先駆者としては1代限りだった初代シティ、今でもウケるかも?

Photo by Riley

日本のみならず海外でも高い評価を受けた初代シティは、その後の自動車へ大きな影響を与えたものの、あまりにも登場する時代が早すぎたという事なのか、コンセプトをそのまま受け継いだ車というのは、そう多くありませんでした。

何しろ2代目シティでは、初代と真逆のロールーフ・クラウチングスタイルで、当時のシビックやトゥデイなどと統一感を出し、2代目の後継ロゴでは部分的に見るべき部分はあったものの、目を見張るような提案ができた車ではありません。

むしろそのコンセプトはちょっと遅れた1990年代半ば以降から、ホンダより先にライバル各社から隔世遺伝的に再現されており、3ドアしかないという一点を除けば初代シティの先進性を際立てています。

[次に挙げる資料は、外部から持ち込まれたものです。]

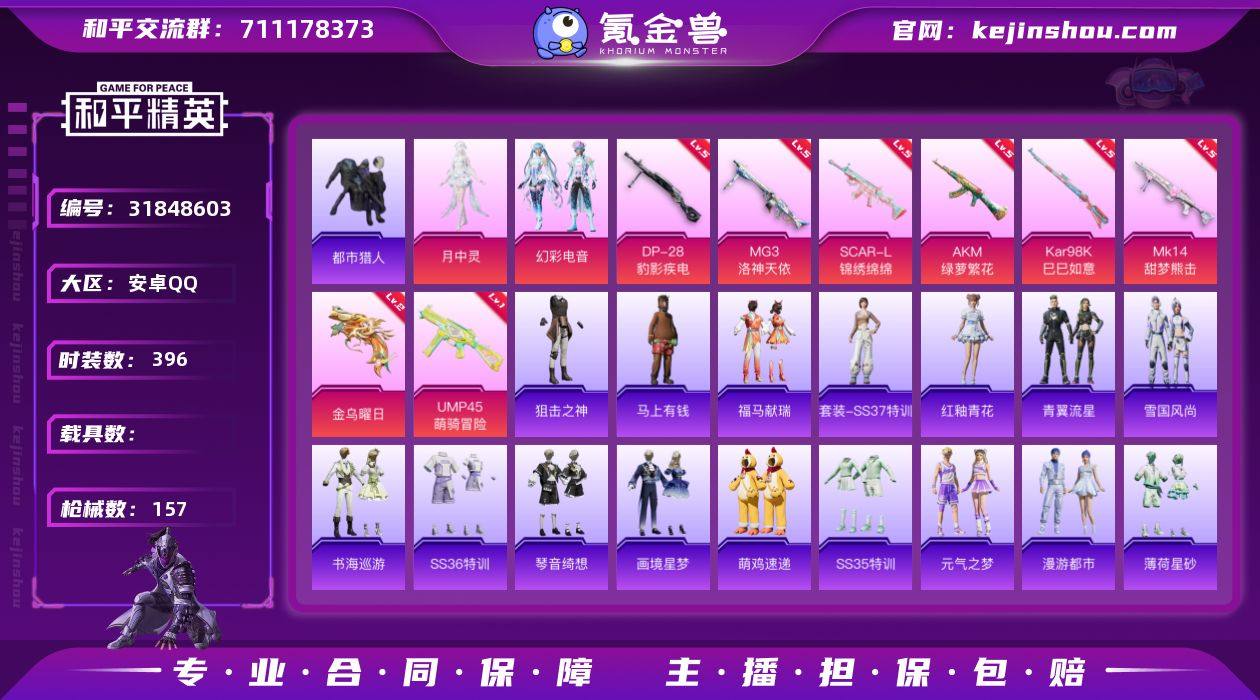 实名:可二次实名 是否支持人脸包赔:支持 粉装数量:2 特效枪数量:8 时装数:396 枪械数:157 都市猎人 月中灵,幻彩电音 五级DP-28-豹影疾电,五级AKM-绿萝繁花,五级Kar98K-巳巳如意,五级MG3-洛神天依,五级MK14-甜梦熊击,五级SCAR-L-锦绣绵绵,二级信号枪-金乌曜日,一级UMP45-萌骑冒险 狙击之神,马上有钱,福马献瑞,红釉青花,SS37特训,雨过天青,青翼流星,雪国风尚,画境星梦,琴音绮想,书海巡游,SS36特训,炫彩糖果,萌鸡速递,SS35特训,元气之梦,漫游都市,薄荷星砂,云魄琉璃,SS34特训套装,暗黑骑手,暗金炫舞,冰川特警,冰冻风暴,冰河战士,白糯汤圆,白色伏地魔,春光漫游,长空猛禽,晨曦薄雾,纯真浪花,大橘大利,都市猎人,电音精灵,绯格组合,龟仙人,海岛探路者,鹤鸣,湖蓝色名流,幻世保卫者,极地朋克,惊鸿侠骨,竞技角斗士,竞技名士,锦衣飞扬,空岛之星,快闪甜心,龙的传人,龙魂突击队,蓝色运动,冷焰舞者,漫步者,魅力单车,懵萌河马,曼妙人鱼,柠萌假日,牛气满满,破蛋小黄鸡,青春校园,绮丽涂鸦,青涩时光,云朵鹅,热情海星,神气柴柴,SS23特训,SS24特训,SS25特训,SS26特训,SS27特训,SS28特训,SS29特训,SS30特训套装,SS31特训套装,SS32特训套装,SS33特训套装,巳巳如意,天籁歌者,特训学院,铁血战翼,团圆交子,特战装甲,完美偶像,王牌教练,小丑鱼,雪绒豹,香桃花海,星途旅人,雨林探路者,玉兔迎春,英勇保护者,鹰眼刺客,异域银装,智谋强哥 炫彩糖果飞行器,炫彩糖果降落伞,初号机 觉醒Ver.降落伞,创世·救赎降落伞,洛神天依降落伞,炫光之旅降落伞

いわば各社アレコレと模索した上で、「結局これが良かったらしい」と、初代シティのスタイルへ各社なりの解釈と技術を加えつつ回帰していったと考えるべきでしょう。

そろそろ日本車も歴史に深みが出てきたことでセルフリメイクの成功例もあり、今のホンダがいずれ初代シティのリメイクなどを開発し、それもEVでもちろん電動版モトコンポを積んで発売したら、面白いかもしれません。